Well, not so fast. New sales are important, but if you don’t take care of the customers you already have, you’re at risk of losing their business.

Expectations for service are at an all-time high. In fact, 88% of customers place as much importance on the experience a company delivers as its products and services.

If you want to give your customers a smooth onboarding experience, you need to dig into the details and pay attention to your agreement processes.

The new benchmarks for a modern onboarding experience

Customer onboarding can be tricky to get right. However, there are a few common missteps organizations can avoid to prevent customer frustration.

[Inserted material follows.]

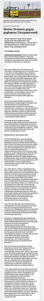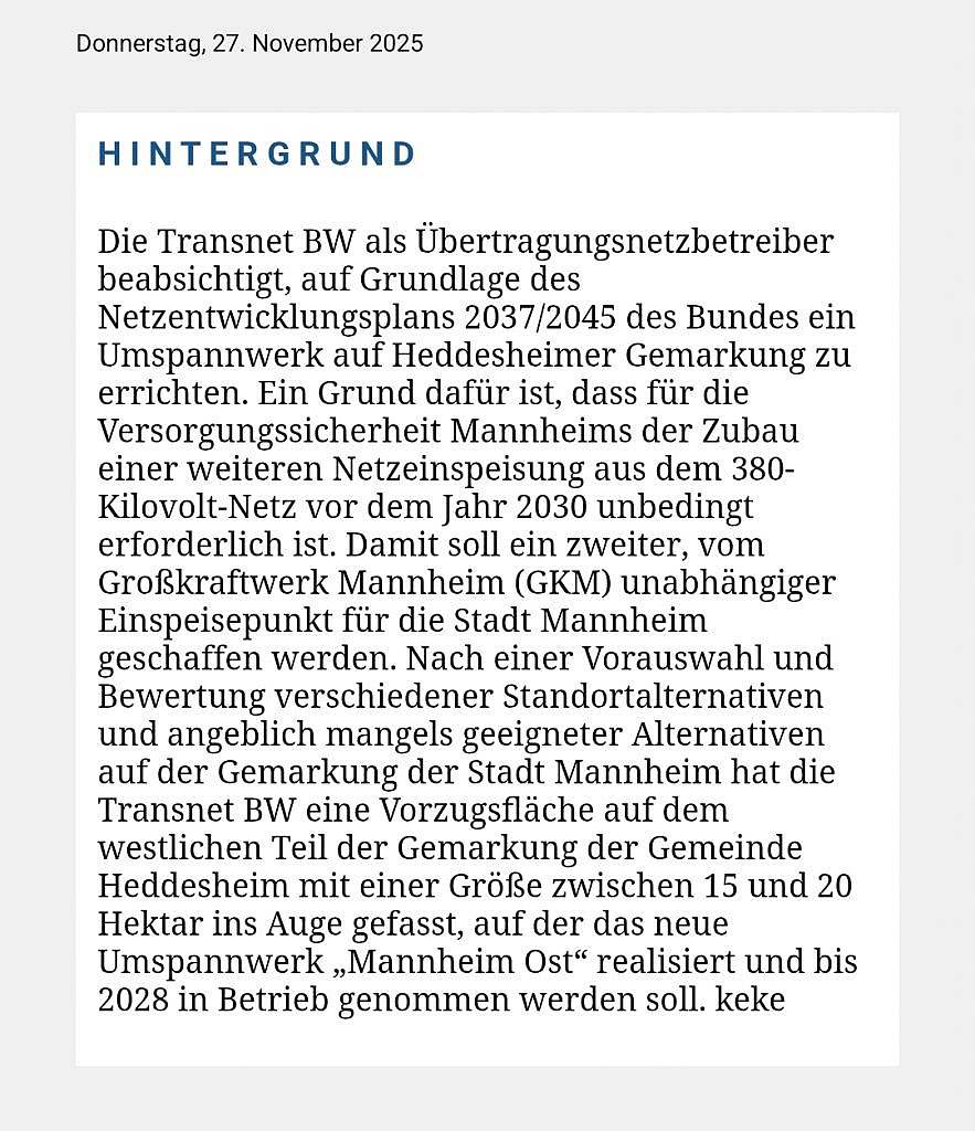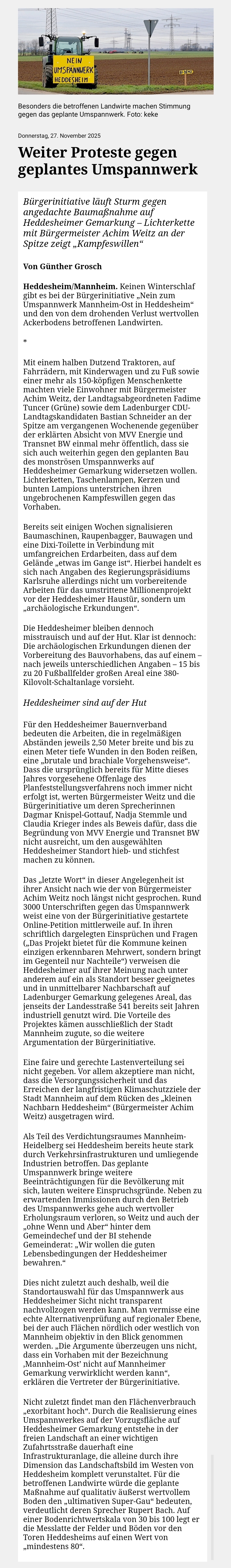 Weiter Proteste gegen geplantes Umspannwerk 27. November 2025 / Rhein-Neckar-Zeitung / Keine Kommentare Bürgerinitiative läuft Sturm gegen angedachte Baumaßnahme auf Heddesheimer Gemarkung – Lichterkette mit Bürgermeister Achim Weitz an der Spitze zeigt “Kampfeswillen” Energiewende EnergiewendeHeddesheimMannheim Vorheriger Beitrag Ein Tunnel unter Schwetzingen Nächster Beitrag Jagd auf Wildtiere eröffnet Schreibe einen Kommentar Antworten abbrechenDeine E-Mail-Adresse wird nicht veröffentlicht. Erforderliche Felder sind mit * markiertKommentar * Name * E-Mail * Website Meinen Namen, meine E-Mail-Adresse und meine Website in diesem Browser für die nächste Kommentierung speichern.

First impressions are everlasting

You only have one first chance to make customers feel like they’re in good hands. If your onboarding process piles too many tasks onto your customers, they might decide you're adding more problems than you’re solving.

One of the most common onboarding frustrations is when companies haven’t digitized crucial parts of the process. In these cases, customers are expected to download and print out paper contracts to sign, scan, and upload. Or worse, drive to a brick-and-mortar store to sign documents in person.

This leads to a frustrating experience, full of potential exit points:

  • What if your customer doesn’t have access to a printer/scanner at home?

  • What if your customer can’t get to you during business hours because of their job?

  • What if your customer doesn’t drive or isn’t located near your business?

  • What if an employee makes a manual error at any point? Will the process start all over again?

On the other hand, seamless digital experiences align with younger customers’ appetites for 24/7 service and self-serve options. 66% of Millennials and 61% of Gen-Z customers prefer going through simple customer interactions independently.

Manual processes are becoming the exception  

Many customers use their phones for purchases and expect quick and convenient service. Whether they’re signing up, filling out information or making payments—they’re used to managing tasks in just a few clicks.

Digitizing your processes gives customers their time back and makes it easier and faster to work with you.

Adriana Trizna, product marketing manager at Docusign, agrees. “There are so many businesses that just haven't taken the time to digitize their systems,” she said.“They're driving customers to do onboarding in person or go through all these unnecessary manual steps. And really, customers don’t want that nowadays.”

Customers want a cohesive experience 

As your company scales, different teams organically take on specific areas of the onboarding process. Sales might have ownership over customer communications. Marketing writes notification copy and related customer campaigns, while design makes decisions about user experience and visual identity.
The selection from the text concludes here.